▸ **Exercise details**
Once the images are set aside, output the listing exactly as it stands.

▸ **Input data**

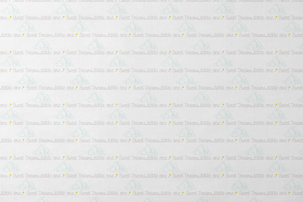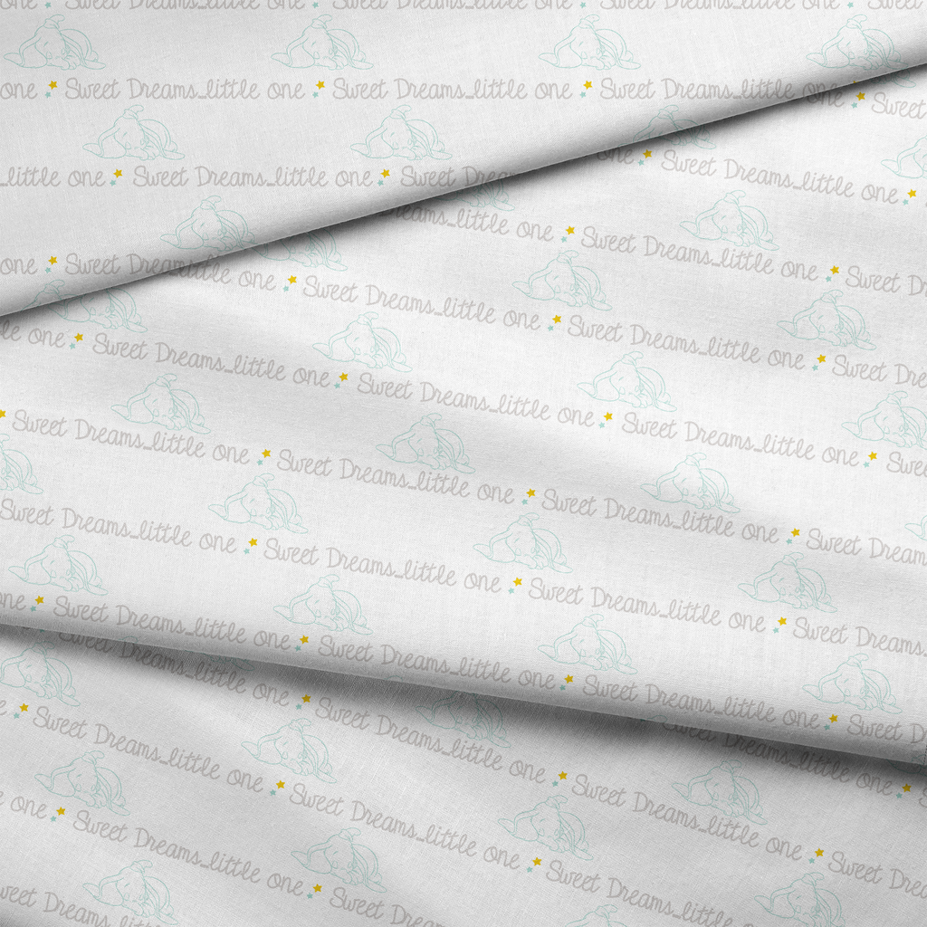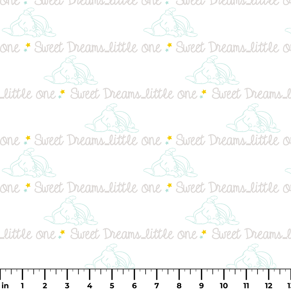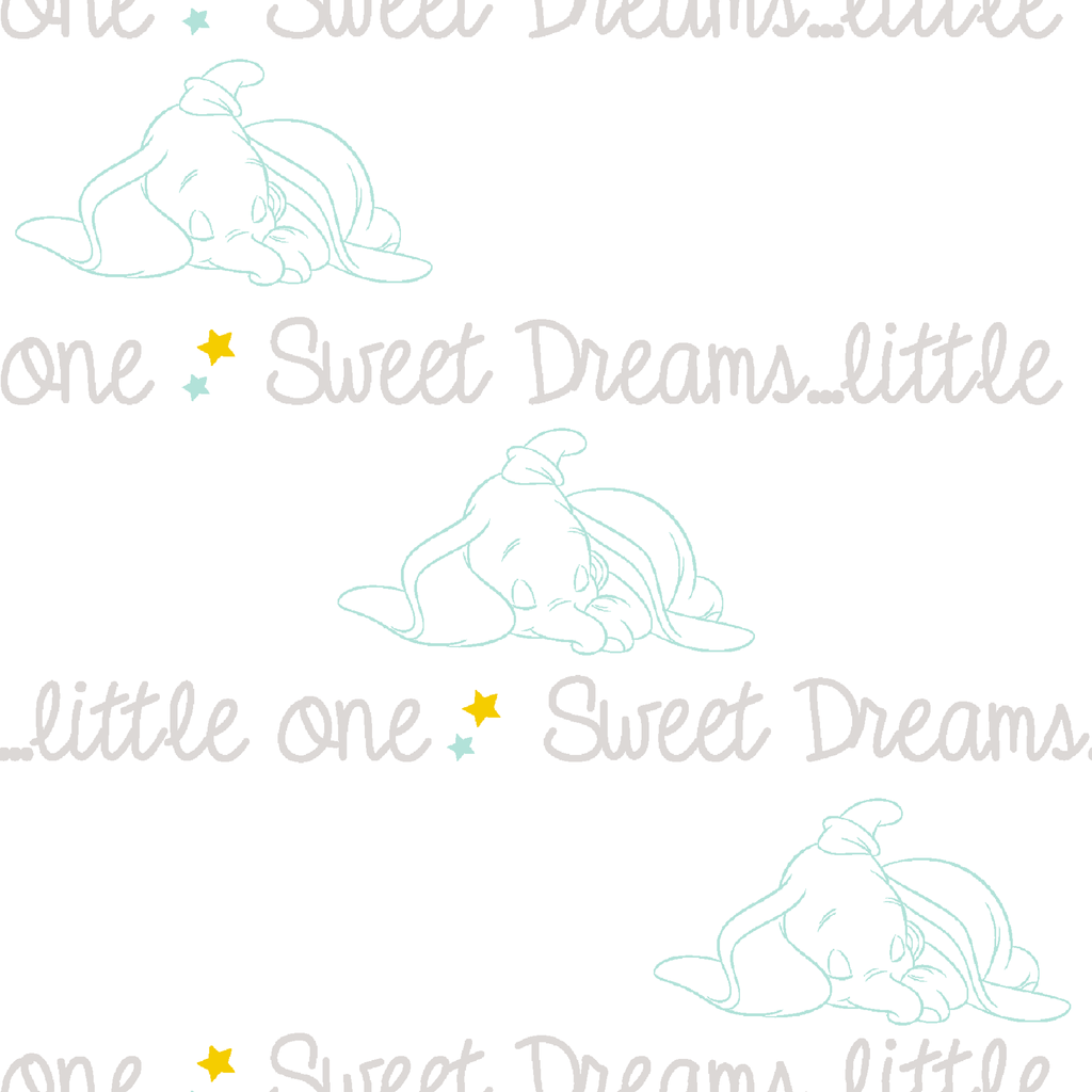 Adorable nursery pattern featuring a sleeping Disney Dumbo with "Sweet Dreams little one" text in soft, muted tones. Perfect for nursery decor.
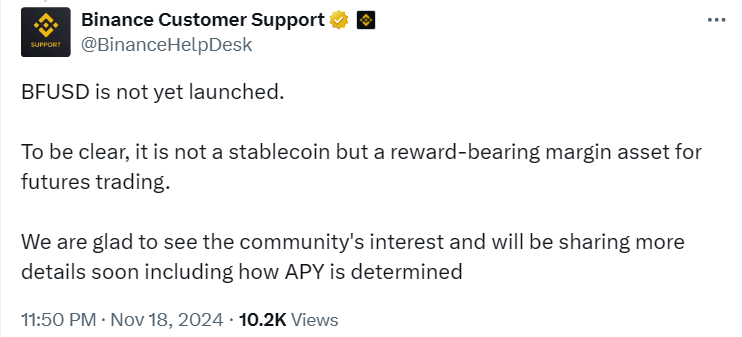 Из-за поднявшейся шумихи команде Binance пришлось уточнить информацию об инициативе. По их словам, BFUSD не является стейблкоином. Монета представляет собой доходный маржинальный актив для трейдинга фьючерсами. Также представители Binance пообещали со временем предоставить больше информации о BFUSD и инструментах расчета его доходности.
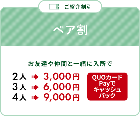 • 大学生協会員様でご紹介割引をご利用される場合は、すべてQUOカードPayでのキャッシュバックとなります。
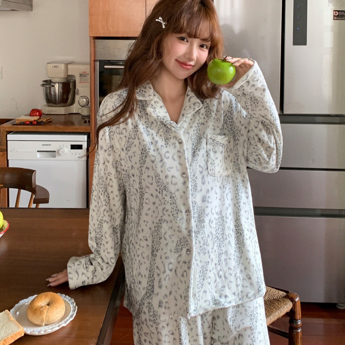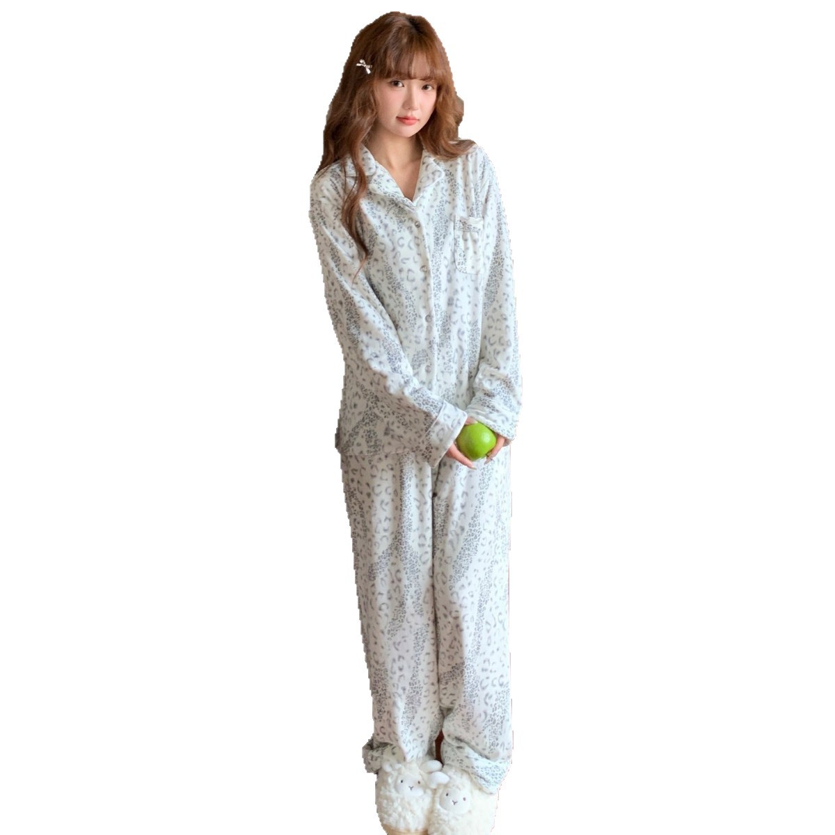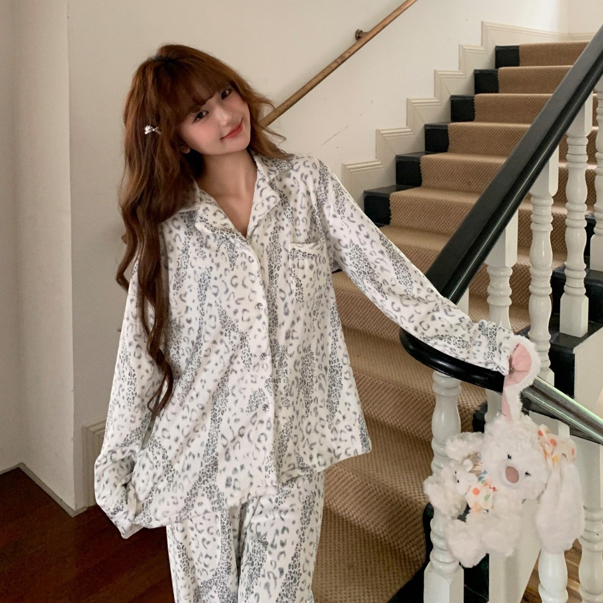 海岛绒新款秋冬季高级感法式豹纹薄绒睡衣女宽松家居服套装爆款
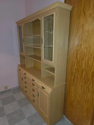 Mueble de madera con puerta de cristal. Se vende por mudanza está en perfecto estado Valorado en 1700€ en HIPERMUEBLE Tiene dos módulos la vitrina pequeña Y la grande con el centró un cajón y dos pequeños armarios Medidas exactas por privado - Diseño moderno y elegante. - Ideal para exhibir objetos decorativos.
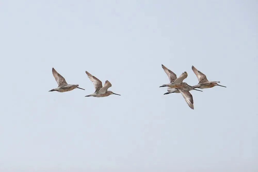 ▲飞翔中的半蹼鹬(国家二级保护野生动物)

▸ **Exercise response**
 Adorable nursery pattern featuring a sleeping Disney Dumbo with "Sweet Dreams little one" text in soft, muted tones. Perfect for nursery decor.
 Из-за поднявшейся шумихи команде Binance пришлось уточнить информацию об инициативе. По их словам, BFUSD не является стейблкоином. Монета представляет собой доходный маржинальный актив для трейдинга фьючерсами. Также представители Binance пообещали со временем предоставить больше информации о BFUSD и инструментах расчета его доходности.
 • 大学生協会員様でご紹介割引をご利用される場合は、すべてQUOカードPayでのキャッシュバックとなります。
 海岛绒新款秋冬季高级感法式豹纹薄绒睡衣女宽松家居服套装爆款
 Mueble de madera con puerta de cristal. Se vende por mudanza está en perfecto estado Valorado en 1700€ en HIPERMUEBLE Tiene dos módulos la vitrina pequeña Y la grande con el centró un cajón y dos pequeños armarios Medidas exactas por privado - Diseño moderno y elegante. - Ideal para exhibir objetos decorativos.
 ▲飞翔中的半蹼鹬(国家二级保护野生动物)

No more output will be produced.